● WHAT TO WORK ON: Please reproduce all of the data exactly as it appears, but skip the pictures.

● INFORMATION SHOWN:

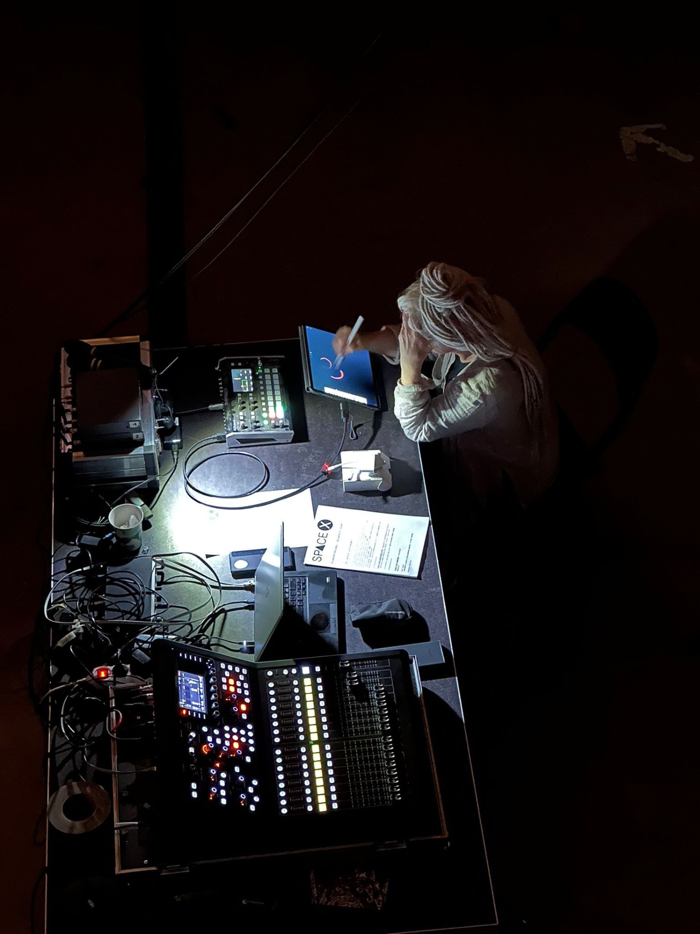 Unikátní vizuální doprovod hudební produkce živě na koncertě, který se odehrává intuitivně v rytmu a čase hudby. Zde Space X v Divadle X - doprovad Arve Henriksena a Davida Kollara
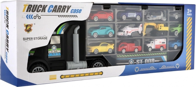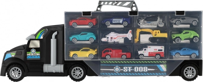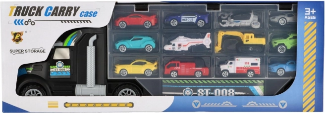 Velký přepravní kamion s dopravními prostředky, ideální hračka pro děti od 3 let.
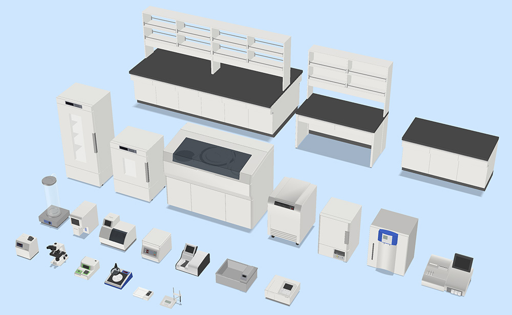 本ソフトは医療機器メーカーや医薬品商社、医療施設コンサルタントなど多くの企業に導入されていますが、それら利用者からの強い要望により、検体検査機器の3Dパーツ36点を今回追加しました。

● WORKED SOLUTION:
 Unikátní vizuální doprovod hudební produkce živě na koncertě, který se odehrává intuitivně v rytmu a čase hudby. Zde Space X v Divadle X - doprovad Arve Henriksena a Davida Kollara
 Velký přepravní kamion s dopravními prostředky, ideální hračka pro děti od 3 let.
 本ソフトは医療機器メーカーや医薬品商社、医療施設コンサルタントなど多くの企業に導入されていますが、それら利用者からの強い要望により、検体検査機器の3Dパーツ36点を今回追加しました。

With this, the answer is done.